Agentic Software Development: How AI Agent Teams Build Apps
Agentic software development is a way of building software where AI coding agents handle the execution. You describe what you want. The agent figures out how to build it, writes the code, tests it, and iterates until it works. This is different from autocomplete tools that suggest the next few characters. Agentic development means the AI plans and executes entire features.
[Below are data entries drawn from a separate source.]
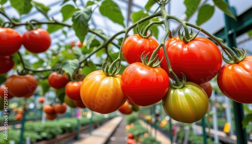 Vibrant Red and Green Tomatoes Growing on a Branch in a Greenhouse Setting
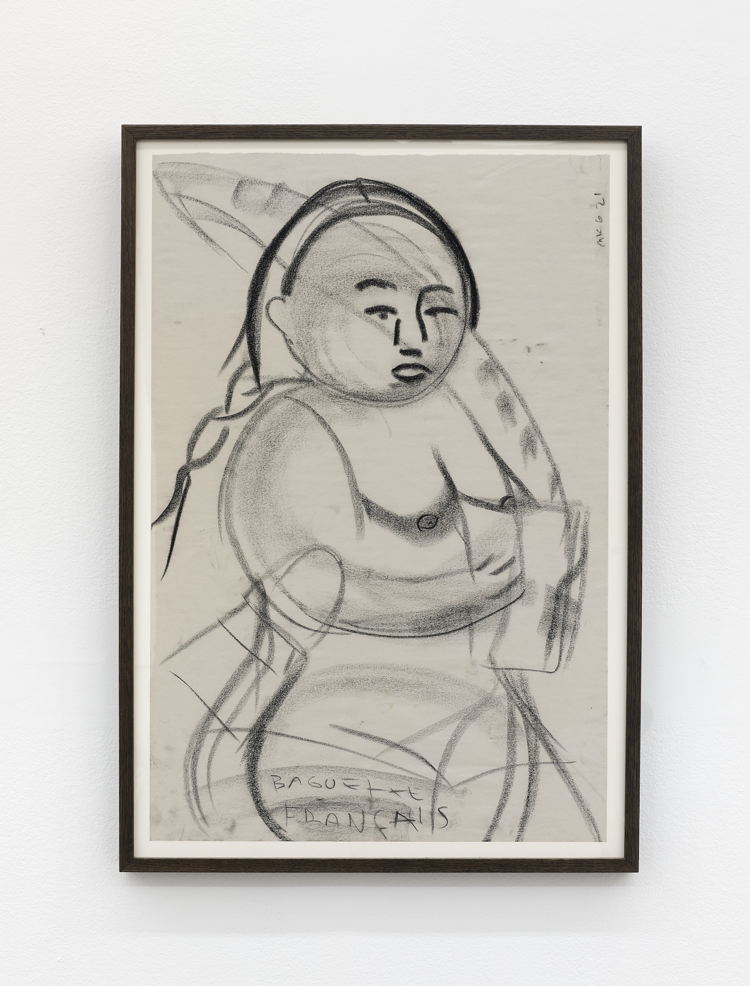 French Baguette study 3, 2021, Charcoal on newsprint, 60 × 91 cm, ©Monica Kim Garza, courtesy of Monica Kim Garza and the Hole
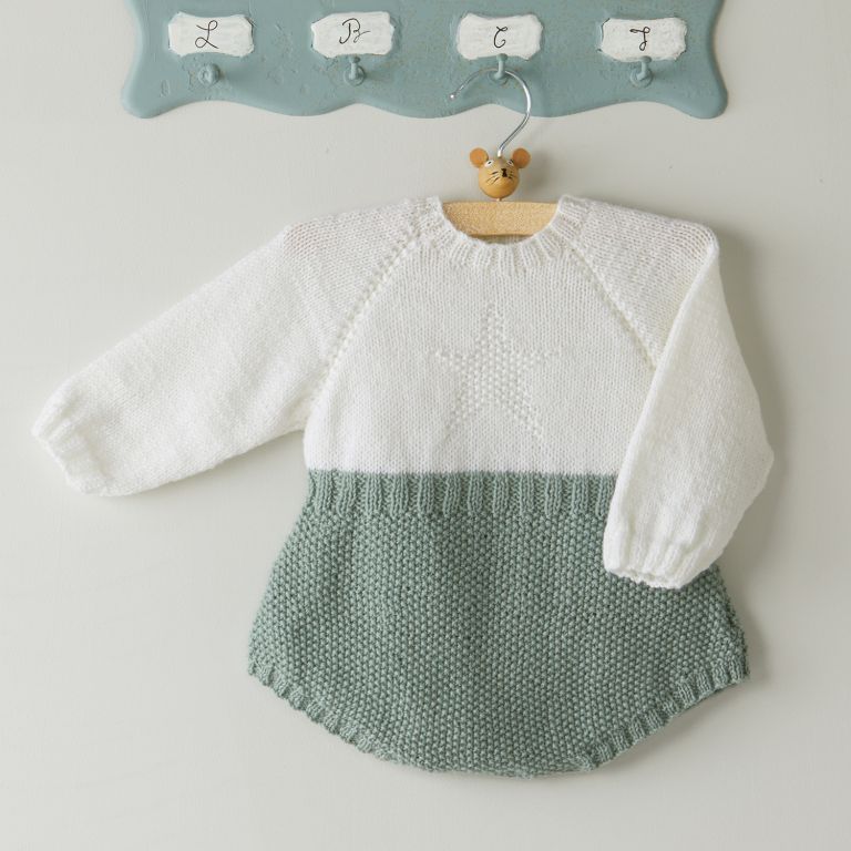 Beautiful baby romper with the nappy cover part in pale green, this winters trend colour. The jumper section with raglan sleeves is knitted in stockinette stitch in white with a star motif in moss stitch.

The term "agentic" matters because it signals a specific capability: autonomy. An agentic system does not wait for instructions at every step. It takes a goal, breaks it into tasks, and works through them on its own. This changes how engineers spend their time, shifting work from writing code to reviewing and directing code.
What is Agentic Development?
Traditional coding with AI looks like this: you type a function signature, the AI suggests the body, you accept or reject, you move on. You are in control. The AI is reactive. It only responds when prompted.
Agentic development flips this. You give the agent a high-level task: "Add a payment system using Stripe with subscription management." The agent reads your codebase, plans the implementation, creates necessary files, writes the integration code, adds error handling, writes tests, and runs them. If tests fail, it reads the error output and fixes the code. It keeps going until the task is done or it gets stuck.
The gap between these two approaches is enormous. Autocomplete saves seconds per line. Agentic development saves hours per feature. But it also requires a different way of thinking about your role as a developer.
How Agentic Development Works
Every agentic coding system follows roughly the same pattern, though the details vary by tool.
Step 1: Task understanding. The agent receives your instruction and analyzes it. Good agents ask clarifying questions if the task is ambiguous. They also read relevant parts of your codebase to understand the current state of the project.
Step 2: Planning. The agent creates an execution plan. This might be explicit (some agents show you the plan and wait for approval) or implicit (the agent just starts working through steps internally). The plan includes which files to modify, what new files to create, and what order to make changes.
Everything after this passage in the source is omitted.